VidPipe executes a 15-stage pipeline for each video. Each stage is wrapped in runStage() which catches errors — a stage failure does not abort the pipeline. Subsequent stages proceed with whatever data is available.

Stage Overview

#StageDescription
1IngestionCopies video into the repo structure, extracts metadata with FFprobe
2TranscriptionExtracts audio and runs OpenAI Whisper for word-level transcription
3Silence RemovalAI detects and removes dead-air segments, capped at 20% of video
4CaptionsGenerates SRT, VTT, and ASS subtitle files with karaoke highlighting
5Caption BurnBurns ASS captions into the video via FFmpeg
6ShortsAI identifies best 15–60s moments and extracts clip variants
7Medium ClipsAI identifies 1–3 min standalone segments with crossfade transitions
8ChaptersAI detects topic boundaries and outputs chapter markers
9SummaryAI writes a Markdown README with key-frame screenshots
10Social MediaGenerates platform-tailored posts for 5 platforms
11Short PostsGenerates per-short social media posts for all 5 platforms
12Medium Clip PostsGenerates per-medium-clip social media posts for all 5 platforms
13Queue BuildCopies posts and video variants into publish-queue/ for review
14BlogAI writes a dev.to-style blog post with web-sourced links
15Git PushAuto-commits and pushes all generated assets

Data Flow

Two transcripts flow through the pipeline:

  • Adjusted transcript — timestamps shifted to match the silence-removed video.
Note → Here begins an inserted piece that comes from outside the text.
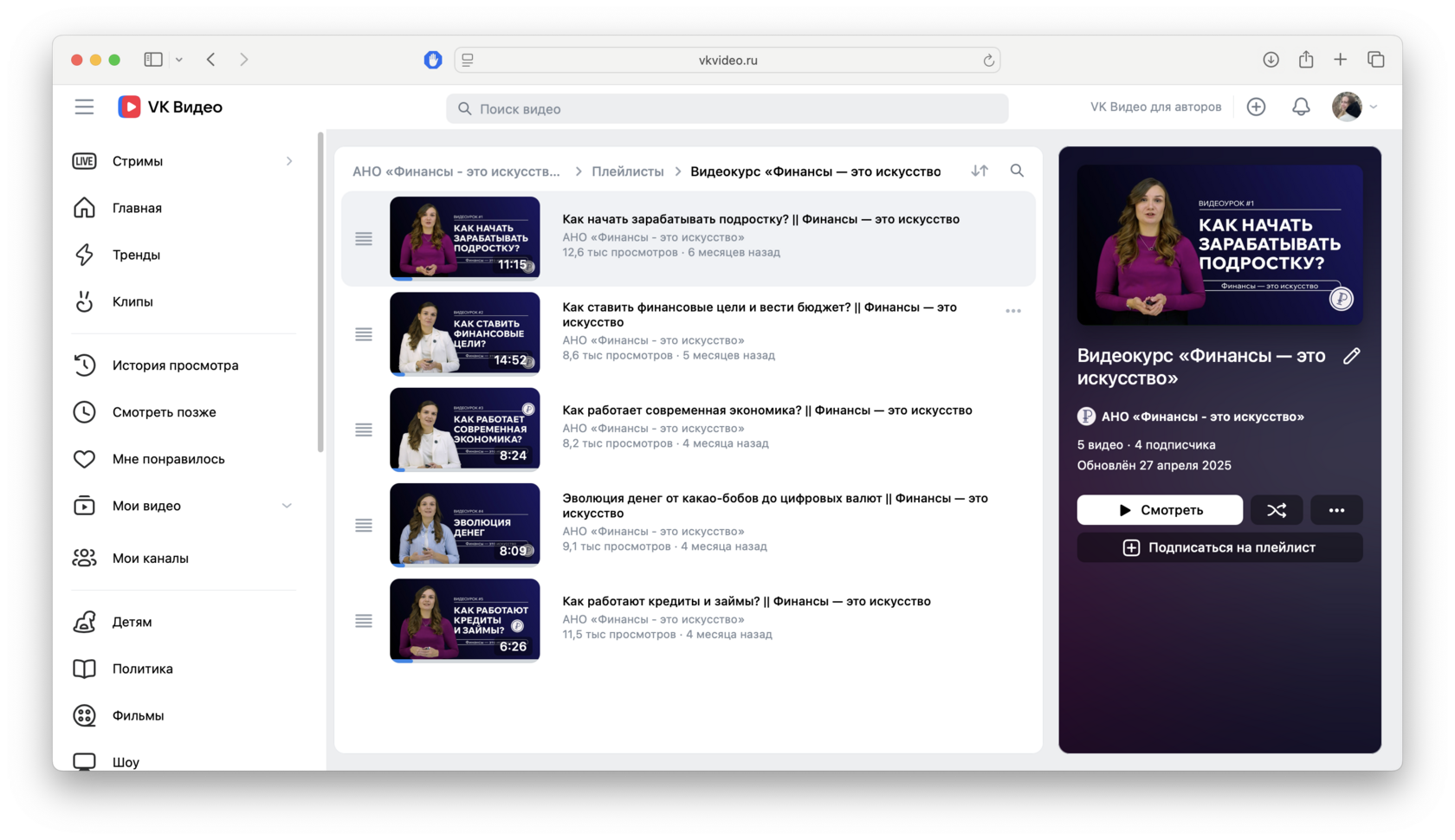 А если вы еще не смотрели сам курс — все видеоролики находятся в свободном доступе на VK Видео в сообществе АНО «Финансы — это искусство».

Used by captions (stages 4–5) so subtitles align with the edited video.
  • Original transcript — unmodified Whisper output. Used by shorts, medium clips, and chapters (stages 6–8) because clips are cut from the original video.

Shorts and chapters are generated before the summary so the README can reference them.

Stage Details

1. Ingestion

Copies the video file into the repo's recordings/{slug}/ directory and extracts metadata using FFprobe.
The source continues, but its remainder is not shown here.